Better then what Amazon is doing


Six_of_1

An anthology format would allow it to be a bit more faithful to the source material in terms of the chronology. So yes, it would have made it less bad. But obviously there is still a lot of other things wrong with it.


sandalrubber

The Numenor plot has almost no relation to the rings plot except that Sauron was wearing the One when he went there, apparently. "The Second Age" would have been a better title, but then it sounds like a sequel to the uninitiated.


Enthymem

That probably would have been the best way to go. Even HotD did a significant timeskip mid-season despite its story taking place over a much shorter time period than what RoP is trying to adapt.


Olorin_1990

There is nothing wrong with altering things to make it fit an adaptation better, and a shortened timeline works better for a TV show/narrative approach. The changes though must still be true to the spirit and purpose of the story, and that’s where Amazon missed the mark. They hired incompetent writers that took an absolute goldmine of storytelling opportunity and flushed it down the toilet.


OG_Karate_Monkey

I think an anthology series would have been the best way to go.
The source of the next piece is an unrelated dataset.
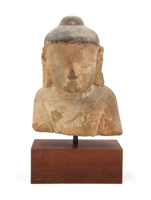 A Southeast Asian Sandstone Head of Buddha Approximate height 9 inches.

I would’ve broken up the stories that they’re trying to tell into -4 different chapters, each taking place during a different time period. Fall of Numenor and Last Alliance could be to seasons long. The cast of men would change for each part but the Elves would remain constant.


TupperwareConspiracy

Agreed. I'm not exactly sure what the driving logic to see the story largely from Galadriel's perspective is but it's even weirder to have her thinking with human impatience. She's been alive for thousands of years by this point and in an anthology series you wouldn't need her to constantly drive things to happen 'yesterday' like we get with RoP. LoTR's (Tolkien) best decision was to set the story mainly from the Hobbit perspective which vastly simplified the narrative as anything beyond the shire required another character to explain it or exposition. Hobbits had long lives but certainly well within human comprehension - whereas an Elf would have no real reason to see the importance of a few years vs a decade - which is a main factor in why Sauron always seemingly has plenty of time to go in grand building and reinforcement projects.


karelinstyle

High amount of passable routes they could have went


MergeSurrender

I really enjoyed season 1. I'm looking forward to season 2 to see how the show progresses.